19th sunday year b homily reflection

ST. THOMAS AQUINAS’ BEAUTIFUL EUCHARISTIC HYMN : ADORO TE DEVOTE (I ADORE THEE DEVOUTLY).

ST. THOMAS AQUINAS’ BEAUTIFUL EUCHARISTIC HYMN:
ADORO TE DEVOTE (I ADORE THEE DEVOUTLY).

Dear brethren in Christ, here you have a beautiful Latin Eucharistic hymn attributed to St. Thomas Aquinas which professes the Real Presence of Our Lord in the Holy Eucharist.

It is usually prayed (or sung) during the Octave (8 days) after Corpus Christi and also every Thursday to commemorate the Institution of the Sacrament of the Holy Eucharist during Holy Thursday. A beautiful prayer of adoration, faith and love for Jesus’ Real, True and Substantial Presence in the Blessed Sacrament. Hope you meditate on it frequently!

Happy Thursday to you and your family!

Below you have the English and Latin texts of the hymn. English translation is taken from the Daily Roman Missal (Midwest Theological Foundation, edited by Fr. James Socías)

English text (literal)

I devoutly adore you, O hidden God, truly hidden beneath these appearances.
My whole heart submits to you, and in contemplating you, it surrenders itself completely.

Sight, touch, taste are all deceived  in their judgment of you,
But hearing suffices firmly to believe.
I believe all that the Son of God has spoken;
There is nothing truer than this word of truth.

On the cross only the Divinity was hidden,
But here the Humanity is also hidden.
I believe and confess both,
And ask for what the repentant thief asked.

I do not see the wounds as Thomas did,
But I confess that you are my God.
Make me believe more and more in you,
Hope in you, and love you.

O memorial of our Lord’s death!
Living bread that gives life to man,
Grant my soul to live on you,
And always to savor your sweetness.

Lord Jesus, Good Pelican,
wash me clean with your blood,
One drop of which

can free the entire world of all its sins.

Jesus, whom now I see hidden,
I ask you to fulfill what I so desire:
That on seeing you face to face,

I may be happy of seeing your glory. Amen.

English text (poetic)

1Godhead here in hiding, whom I do adore,
Masked by these bare shadows, shape and nothing more,
See, Lord, at thy service low lies here a heart
Lost, all lost in wonder at the God thou art.

Seeing, touching, tasting are in thee deceived:
How says trusty hearing? that shall be believed;
What God’s Son has told me, take for truth I do;
Truth himself speaks truly or there’s nothing true.

On the cross thy godhead made no sign to men,
Here thy very manhood steals from human ken:
Both are my confession, both are my belief,
And I pray the prayer of the dying thief.
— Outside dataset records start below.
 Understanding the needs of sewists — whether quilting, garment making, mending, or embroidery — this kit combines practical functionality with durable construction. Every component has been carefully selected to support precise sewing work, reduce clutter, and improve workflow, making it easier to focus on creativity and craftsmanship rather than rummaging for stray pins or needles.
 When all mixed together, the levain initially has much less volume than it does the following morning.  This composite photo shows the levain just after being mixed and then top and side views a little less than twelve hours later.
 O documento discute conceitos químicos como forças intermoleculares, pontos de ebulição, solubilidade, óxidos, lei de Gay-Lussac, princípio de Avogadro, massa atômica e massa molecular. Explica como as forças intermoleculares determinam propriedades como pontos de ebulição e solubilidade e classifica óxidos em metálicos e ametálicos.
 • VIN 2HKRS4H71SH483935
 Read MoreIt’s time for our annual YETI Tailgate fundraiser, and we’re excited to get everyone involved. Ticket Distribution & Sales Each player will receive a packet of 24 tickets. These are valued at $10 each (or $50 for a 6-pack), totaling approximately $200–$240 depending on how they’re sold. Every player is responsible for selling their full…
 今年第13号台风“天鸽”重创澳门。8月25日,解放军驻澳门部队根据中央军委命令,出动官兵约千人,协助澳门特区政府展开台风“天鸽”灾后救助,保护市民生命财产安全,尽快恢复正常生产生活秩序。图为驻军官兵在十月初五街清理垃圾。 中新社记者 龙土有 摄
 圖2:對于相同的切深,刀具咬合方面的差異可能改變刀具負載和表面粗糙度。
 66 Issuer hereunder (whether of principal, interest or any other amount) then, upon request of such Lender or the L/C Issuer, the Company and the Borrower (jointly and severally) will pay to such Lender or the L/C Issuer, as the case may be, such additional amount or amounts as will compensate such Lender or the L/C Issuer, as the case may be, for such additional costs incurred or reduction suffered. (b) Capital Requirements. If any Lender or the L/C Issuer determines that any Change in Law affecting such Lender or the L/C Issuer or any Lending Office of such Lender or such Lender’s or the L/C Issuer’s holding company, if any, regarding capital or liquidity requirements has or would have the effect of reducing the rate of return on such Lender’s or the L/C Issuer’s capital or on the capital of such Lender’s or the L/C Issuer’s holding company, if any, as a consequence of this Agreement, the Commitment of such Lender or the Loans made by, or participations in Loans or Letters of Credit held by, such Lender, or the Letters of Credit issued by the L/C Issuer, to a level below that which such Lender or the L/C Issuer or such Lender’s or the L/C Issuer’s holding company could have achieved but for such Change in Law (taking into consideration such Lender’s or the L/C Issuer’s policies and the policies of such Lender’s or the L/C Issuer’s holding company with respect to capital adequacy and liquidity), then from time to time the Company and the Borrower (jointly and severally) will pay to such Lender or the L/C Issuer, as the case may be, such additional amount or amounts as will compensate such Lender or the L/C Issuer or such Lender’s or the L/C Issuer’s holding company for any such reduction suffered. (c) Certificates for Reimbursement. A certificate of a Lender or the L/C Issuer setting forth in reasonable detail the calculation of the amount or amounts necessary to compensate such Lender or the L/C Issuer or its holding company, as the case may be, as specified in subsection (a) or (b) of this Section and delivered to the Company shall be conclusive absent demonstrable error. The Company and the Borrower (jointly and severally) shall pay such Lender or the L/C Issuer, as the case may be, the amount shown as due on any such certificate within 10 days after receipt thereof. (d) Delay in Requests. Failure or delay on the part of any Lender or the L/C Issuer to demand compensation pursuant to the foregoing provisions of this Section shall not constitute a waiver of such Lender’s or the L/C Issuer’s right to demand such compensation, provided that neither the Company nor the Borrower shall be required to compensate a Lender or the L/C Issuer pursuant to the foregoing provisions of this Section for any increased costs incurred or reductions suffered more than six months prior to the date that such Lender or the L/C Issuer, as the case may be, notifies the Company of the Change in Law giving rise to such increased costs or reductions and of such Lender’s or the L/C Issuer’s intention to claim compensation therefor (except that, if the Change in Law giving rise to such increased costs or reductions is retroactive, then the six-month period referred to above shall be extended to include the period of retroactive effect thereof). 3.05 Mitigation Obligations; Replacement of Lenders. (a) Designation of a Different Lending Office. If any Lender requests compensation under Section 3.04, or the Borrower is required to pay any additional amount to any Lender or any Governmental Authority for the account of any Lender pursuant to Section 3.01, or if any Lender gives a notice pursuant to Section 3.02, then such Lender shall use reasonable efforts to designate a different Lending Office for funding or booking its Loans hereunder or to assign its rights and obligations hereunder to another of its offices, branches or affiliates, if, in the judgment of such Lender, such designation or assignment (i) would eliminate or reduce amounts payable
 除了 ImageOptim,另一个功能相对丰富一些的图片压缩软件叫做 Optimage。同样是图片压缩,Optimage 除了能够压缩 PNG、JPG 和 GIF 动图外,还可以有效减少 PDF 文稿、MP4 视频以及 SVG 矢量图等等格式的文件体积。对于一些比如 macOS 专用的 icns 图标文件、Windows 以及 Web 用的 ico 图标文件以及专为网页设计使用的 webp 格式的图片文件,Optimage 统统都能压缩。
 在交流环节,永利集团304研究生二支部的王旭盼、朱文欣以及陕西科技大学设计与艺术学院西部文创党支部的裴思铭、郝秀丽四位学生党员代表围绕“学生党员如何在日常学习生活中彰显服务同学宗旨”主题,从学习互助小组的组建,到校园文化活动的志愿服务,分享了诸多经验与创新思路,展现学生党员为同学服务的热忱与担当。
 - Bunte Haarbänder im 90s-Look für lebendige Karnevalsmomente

I am not like Thomas, wounds I cannot see,
But can plainly call thee Lord and God as he;
Let me to a deeper faith daily nearer move,
Daily make me harder hope and dearer love.

O thou our reminder of Christ crucified,
Living Bread, the life of us for whom he died,
Lend this life to me then: feed and feast my mind,
There be thou the sweetness man was meant to find.

Bring the tender tale true of the Pelican;
Bathe me, Jesu Lord, in what thy bosom ran—
Blood whereof a single drop has power to win
All the world forgiveness of its world of sin.

Jesu, whom I look at shrouded here below,
I beseech thee send me what I thirst for so,
Some day to gaze on thee face to face in light
And be blest for ever with thy glory’s sight.
Amen.

PICTURE BY RODOLFO V. REYES JR.

Latin text:

1. Adóro te devóte, latens Déitas, quæ sub his figúris vere látitas. Tibi se cor meum totum súbiicit, quia, te contémplans, totum déficit.

2. Visus, tactus, gustus in te fállitur, sed audítu solo tuto créditur. Credo quidquid dixit Dei Fílius: nil hoc verbo veritátis vérius.

3. In Cruce latébat sola Déitas; at hic latet simul et humánitas. Ambo tamen credens atque cónfitens, peto quod petívit latro pœnitens.

4. Plagas, sicut Thomas, non intúeor; Deum tamen meum te confíteor. Fac me tibi semper magis crédere, in te spem habére, te dilígere.

5. O memoriále mortis Dómini! Panis vivus vitam præstans hómini, præsta meæ menti de te vívere, et te illi semper dulce sápere.

6. Pie pellicáne, Iesu Dómine, me immúndum munda tuo sánguine: cuius una stilla salvum fácere totum mundum quit ab omni scélere.

7. Iesu, quem velátum nunc aspício, oro, fiat illud quod tam sítio; ut te reveláta cernens fácie, visu sim beátus tuæ glóriæ.